Брейер промолчал. Он выглянул в окно фиакра и покачал головой.

«Давайте поставим вопрос иначе, — продолжал тем временем Ницше. — Разве не можете вы допустить, что вечное возвращение возможно ? Нет, подождите, мне не нужно даже это! Скажем просто, что оно возможно или только лишь возможно. Этого вполне достаточно. Несомненно, легче поверить в существование вечного повторения и доказать его, чем поверить в сказку о вечном проклятии! Что вы теряете, соглашаясь признать такую возможность? Сможете ли вы тогда думать об этом иначе как о «пари Ницше»?» Брейер кивнул.

«Тогда я настаиваю, чтобы вы подумали и о том, как вы можете использовать вечное возвращение в вашей собственной жизни — не абстрактно, но сегодня, сейчас, максимально конкретно!»

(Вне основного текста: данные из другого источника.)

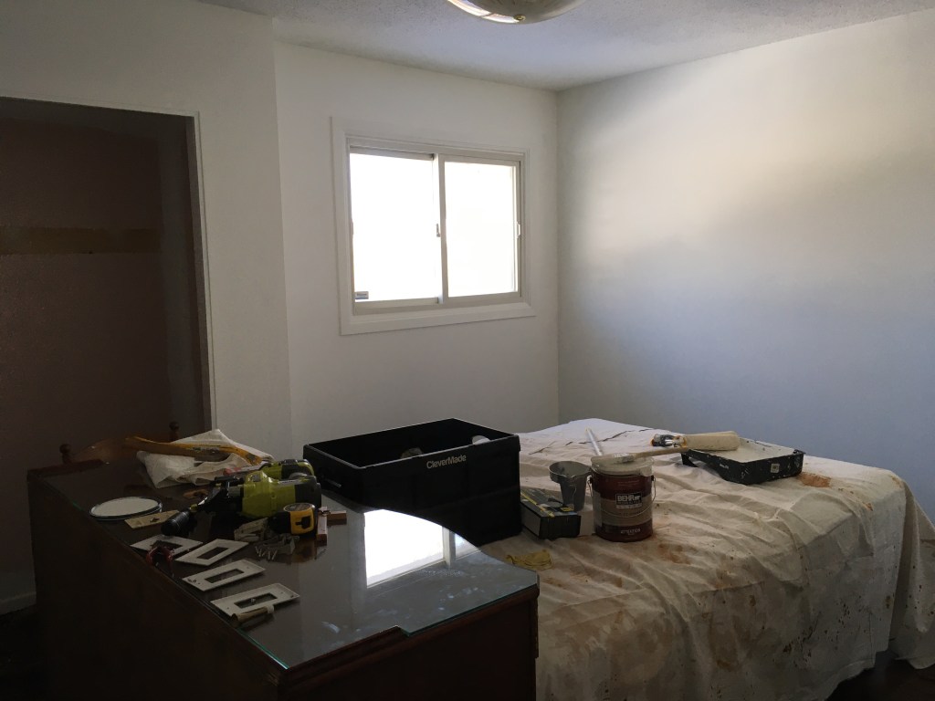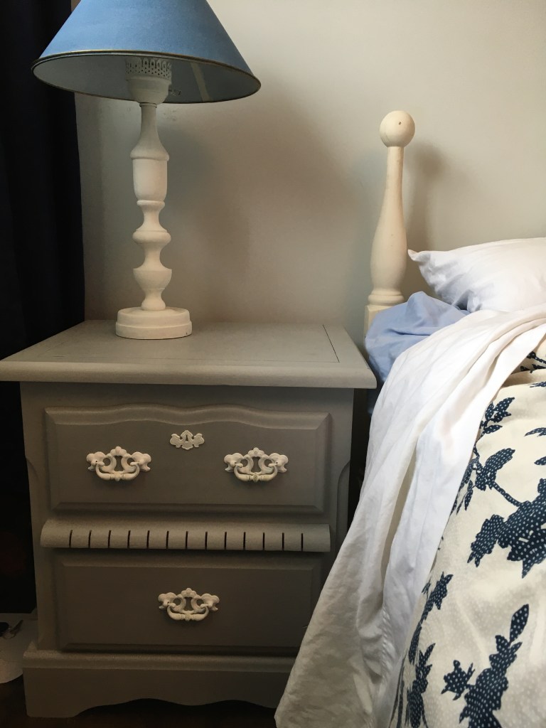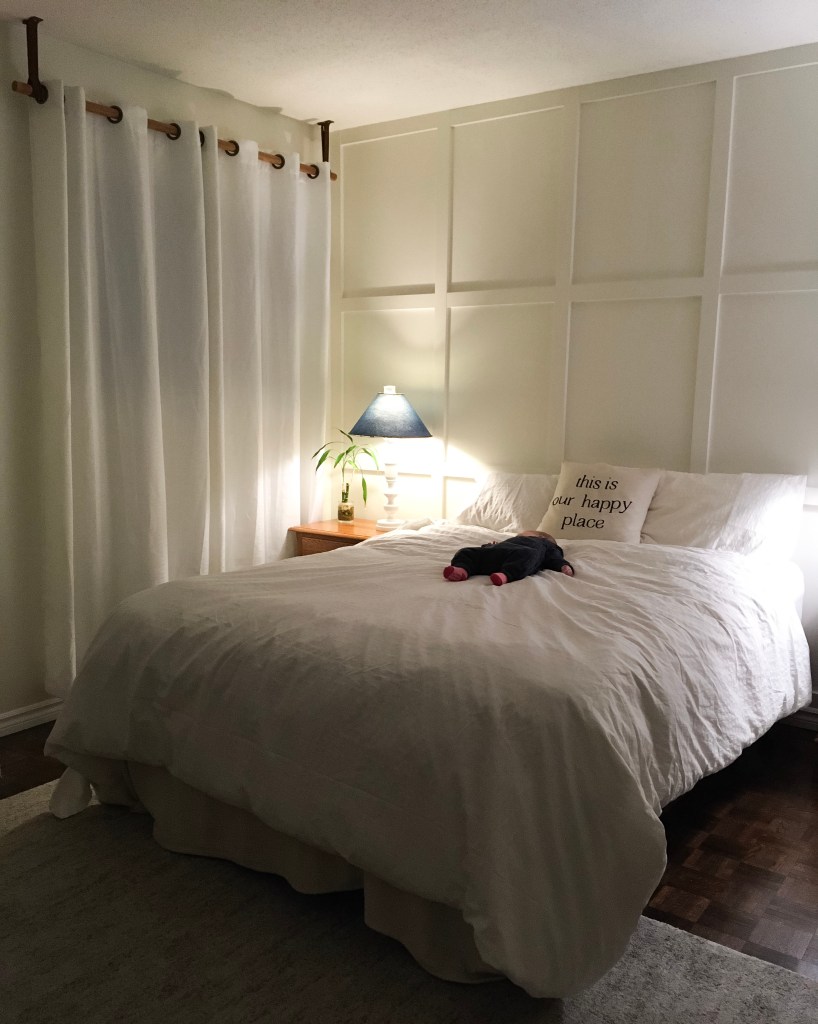 I was able to thrift some side tables, new bedding, and curtains through Facebook Marketplace. I also traded a friend for a headboard but I didn’t like the look of it in the end. Hopefully I’ll be able to use it in another room in the house.

«Вы намекаете, — сказал Брейер, — что каждое мое действие, вся боль, которую я испытываю, — все это будет происходить со мной в бесконечности?»

«Да, вечное возвращение предполагает, что любое действие, которое вы выбираете, вы должны быть готовы избрать для себя на вечность. Это же утверждение справедливо и для любого несовершенного действия, для любой мертворожденной мысли, для любой не избранной вами альтернативы. И вся не прожитая вами жизнь останется наростом внутри вас — жизнь, которую вы никогда уже не сможете прожить. И не услышанный вами голос совести будет вечно взывать к вам».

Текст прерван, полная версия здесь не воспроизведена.